There are several ways to make payments in India, including cash, cards and bank transfers. Paper-based instruments such as cheques and demand drafts (DDs) remain in use for many transactions. Each serves a distinct purpose and functions differently, so understanding their differences helps you choose the right option for a given situation.
Read on to learn what a cheque and a demand draft are, how they differ, their common types and when to use each.
What Is a Cheque?
A cheque is a written instruction from an account holder directing their bank to pay a specified sum to a person or organisation. The bank processes the payment when the account has sufficient funds and the cheque is properly signed. Cheques are commonly used to pay bills, transfer money between parties and settle purchases.
Types of Cheques
Cheques come in several forms, each suited to different needs:
- Bearer cheque: Payable to whoever presents the cheque at the bank; no identification required.
- Order cheque: Payable only to the named payee, who must present identification to encash it.
- Crossed cheque: Cannot be cashed over the counter and must be deposited into the payee’s bank account.
- Post-dated cheque: Dated for the future and can only be presented on or after that date.
Choose the type that matches your transaction requirements and desired level of security.
What Is a Demand Draft?
A demand draft (DD) is a prepaid, bank-issued instrument. You hand over the payment amount to the bank in advance, and the bank issues a draft payable to a specified person or institution. Since the funds are collected upfront by the bank, demand drafts are considered more secure and are commonly used for high-value or formal payments such as admissions, government fees and tender deposits.
Types of Demand Drafts
Common types of demand drafts include:
- Sight draft: Payment is made after the bank checks and approves the required documents.

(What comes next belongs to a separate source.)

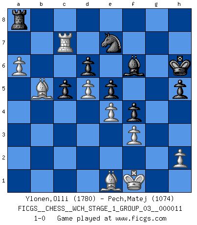 Last move : 1-0 2013 May 9 7:19:30 [Event "FICGS__CHESS__WCH_STAGE_1_GROUP_03__000011"] [Site "FICGS"] [Date "2012.11.01"] [Round "1"] [White "Ylonen,Olli"] [Black "Pech,Matej"] [Result "1-0"] [WhiteElo "1780"] [BlackElo "1074"] 1.d4 Nf6 2.c4 g6 3.Nc3 Bg7 4.e4 d6 5.Nf3 O-O 6.Be2 e5 7.O-O Nc6 8.d5 Ne7 9.Ne1 Nd7 10.Be3 f5 11.f3 f4 12.Bf2 g5 13.Rc1 Ng6 14.c5 Nxc5 15.b4 Na6 16.Nb5 Bd7 17.Nxa7 Qb8 18.Nb5 Bxb5 19.Bxb5 Nxb4 20.Rb1 Na6 21.Bc6 Ra7 22.Nd3 Qa8 23.Bb5 b6 24.a4 Nc5 25.Nxc5 bxc5 26.Be1 Ne7 27.Rf2 Rb8 28.Rfb2 Bf6 29.a5 Kg7 30.Bf1 Rxb2 31.Rxb2 h5 32.Rb5 Qc8 33.Qb3 Ra8 34.Rb7 g4 35.a6 gxf3 36.Qxf3 Kh6 37.Be2 Qg4 38.Rxc7 Qxf3 39.gxf3 Rg8+ 40.Kf1 Ra8 41.Bb5 1-0 King's Indian : Orthodox, Aronin-Taimanov variation (Yugoslav attack / Mar del Plata variation) Kingside Castling by player Black (move 5) Kingside Castling by player White (move 7) Player White won this chess game. Follow this game move after move (download)Chess is a matter of delicate judgment, knowing when to punch and how to duck. (Bobby Fischer) Nie in meinem Leben habe ich die französische Verteidigung gespielt, welche die Stumpfsinnigste von allen ist. (Wilhelm Steinitz) Me gusta decir que Bobby Fischer fue el mejor jugador que jamás haya existido. Pero lo que hizo de Fischer un genio, fue su habilidad de mezclar una frescura y pragmatismo Americano con ideas Rusas acerca de la estrategia. (Bruce Pandolfini) La vie est comme un jeu d'échecs : nous esquissons un plan, mais celui-ci est tributaire de ce que daignent faire l'adversaire aux échecs et le destin dans la vie. (Arthur Schopenhauer) Players are not good because they find tactics, it is about the way to find the positions in which those tactics are hidden. (Luc-Olivier Leclerc)

- Time draft: Payment is scheduled for a specified future date and can be claimed only after that date.
When guaranteed payment is needed, a DD is a reliable choice.
Cheque vs Demand Draft
Key differences between cheques and demand drafts affect their suitability for different situations:
| Feature | Cheque | Demand Draft |
|---|---|---|
| Issued by | Account holder | Bank |
| Account balance required | Requires sufficient balance in the issuer’s account | No balance required at the time of payment since funds are paid upfront |
| Risk of failure | Can bounce if funds are insufficient | Prepaid, so no risk of bouncing |
| Cancellation | Can be stopped or cancelled by the issuer before it is processed | Generally cannot be cancelled once issued and processed by the bank |
| Issuance fee | Often free with an account | Banks charge a fee for issuing a DD |
| Where it can be presented | Deposited or encashed at the payee’s bank branch | Can be collected or deposited at any branch of the issuing bank |
| Security | Higher risk if lost or stolen | More secure as the bank holds the funds and issues the instrument |
Because of these differences, cheques are typically used for routine transactions while demand drafts are preferred for formal, high-value or guaranteed payments.

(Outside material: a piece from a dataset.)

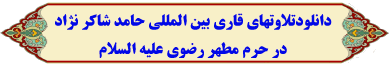 اختصاصی تنغیم / در این پست 8 تلاوت از حاج حامد شاکرنژاد تقدیم تان خواهیم کرد که همگی این تلاوتها را دوست عزیز برادر "محمد نیکخواه" در اختیارمان قرار داده اند . ضمن تشکر از ایشان از شما دعوت می کنیم در ادامه مطلب این تلاوتهای زیبا را که همگی در قم اجرا شده اند دانلود فرمایید ..
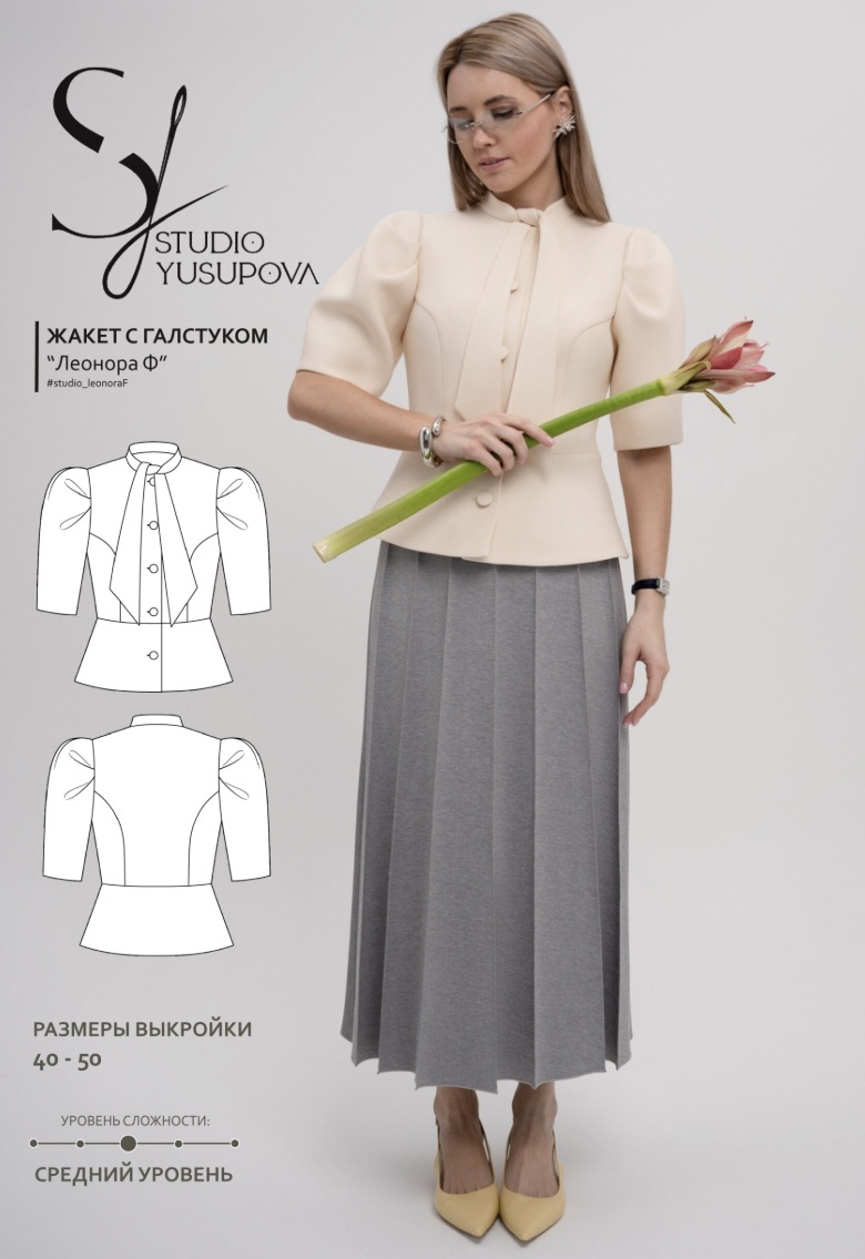 На полочке и спинке предусмотрены рельефы. Рукав укороченный, по верхней части оформлен крупными складками. Горловина обработана притачным воротником с удлиненными концами, выполненными в форме банта-галстука. Застежка центральная, на обметанные петли и пуговицы. Изделие выполнено на подкладке. Длина жакета — выше линии бедер.

When to Use a Cheque or a Demand Draft
Knowing the distinguishing features helps decide when each instrument is appropriate.
Use a cheque when:
- You are paying someone you know and trust.

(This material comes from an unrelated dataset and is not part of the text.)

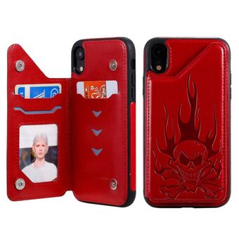 For iPhone XR Skull Head Embossing Pattern Shockproof Protective Case with Holder & Card Slots & Wallet(Red)

- The amount is moderate and not time-critical.
- You may need the option to stop or cancel payment before it is honoured.
Use a demand draft when:
- The recipient requires guaranteed payment.
- You are paying an institution or making a formal deposit.
- You want to avoid the risk of insufficient funds causing a failed payment.
Understanding the difference between a demand draft and a cheque helps you choose the safest and most convenient payment method for each transaction.
FAQs on Cheque vs Demand Draft
Can you use both cheques and demand drafts for payments?
Yes. Both instruments are valid for payments. Cheques are suited for everyday transactions, while demand drafts are used when a secure or guaranteed payment is required.
Which instrument offers more security, a cheque or a demand draft?
Demand drafts are generally more secure because the funds are collected by the bank in advance. Cheques can bounce if the issuer’s account lacks sufficient balance.
Do cheques and demand drafts need clearing time?
Both require clearing time. Cheque clearance depends on the banks and the cheque’s route. Demand drafts typically clear faster since the issuing bank already holds the funds.
Can you get a demand draft without a chequebook?
Yes. A demand draft can be issued against cash or a direct debit from your bank account; a chequebook is not necessary to obtain a DD.